Deduction for Qualified Business Income. The deduction is equal to the lesser of (i) “combined qualified business income” or (ii) 20% of taxable income less any net capital gain. There are additional factors relevant to taxpayers with qualified cooperative dividends.
Combined Qualified Business Income. This is the sum of (i) 20% of qualified REIT dividends and qualified publicly traded partnership income, plus (ii) 20% of the taxpayer’s qualified business income with respect to each qualified trade or business. There are additional wage and qualified property tests that must be satisfied.
Limitation for Reasonable Compensation and Guaranteed Payments. Qualified business income does not include reasonable compensation paid to the taxpayer by any qualified trade or business of the taxpayer for services rendered with respect to the trade or business. It also does not include any guaranteed payment described in section 707(c) of the Internal Revenue Code.
Income Threshold Limitations.
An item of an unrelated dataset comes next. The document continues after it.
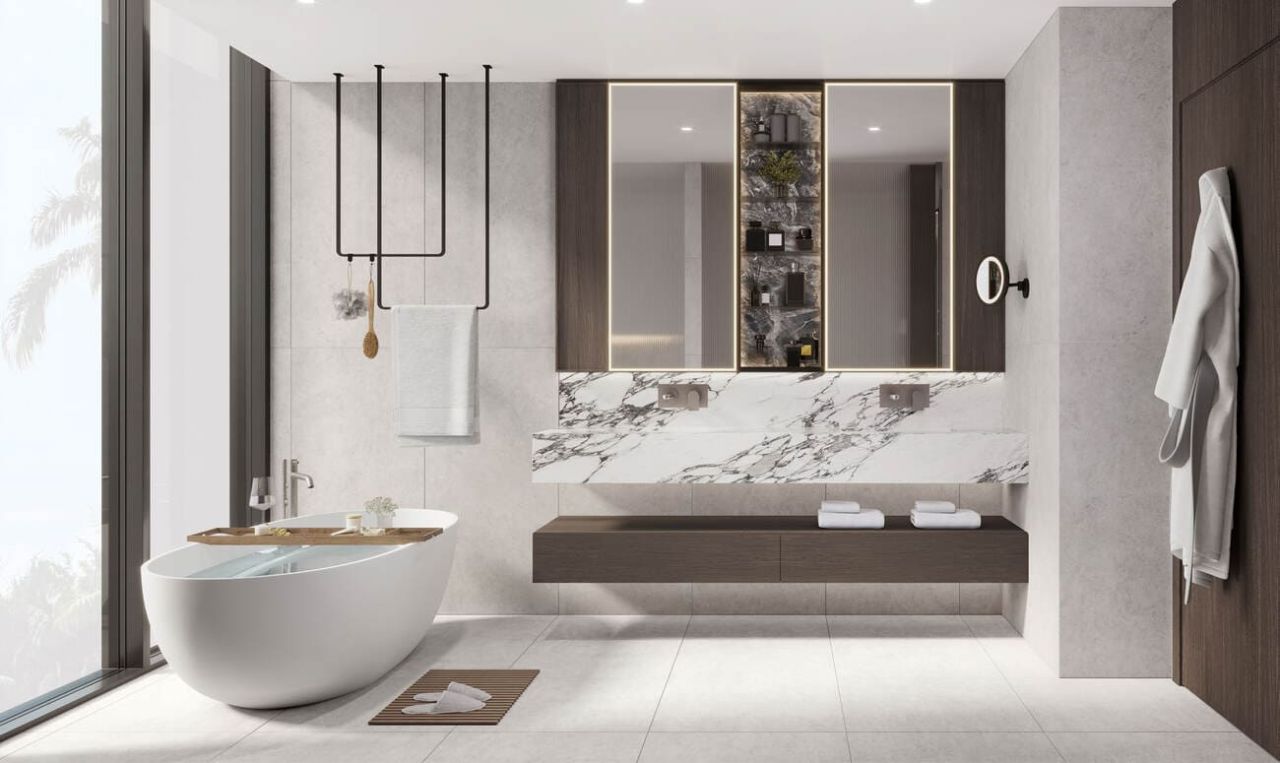 High-quality faucet with features (Franke or equivalent). Kitchen cabinetry features a combination of natural wood veneer and high-quality laminate. European ironmongery hinges and handles (Hafele or equivalent). Premium accessories such as pull-out waste bin, pull-out spice rack, tip-out tray, and handling rail

Additional restrictions apply to individuals who have income above certain thresholds. The limitations apply fully to individual taxpayers with taxable income exceeding $210,700 for single filers or $421,400 for joint filers. The limitations proportionately phase out the deduction for single filers with taxable income between $160,700 and $210,700 and for joint filers with income between $321,400 and $421,400.
Limits for Service Trades or Businesses. The following “specified service trades or businesses” are not qualified trades or businesses for purposes of the 20% section 199A deduction: (i) health, law, accounting, actuarial science, performing arts, consulting, athletics, financial services, and brokerage services; (ii) any trade or business where the principal asset is the reputation or skill of one or more employees; (iii) and any trade or business involving the performance of services consisting of investing and investment management, trading, or dealing in securities, partnership interests, or commodities. However, owners of these “specified service trades or businesses” can still take advantage of the 20% deduction if their taxable incomes are below the thresholds discussed in the preceding paragraph.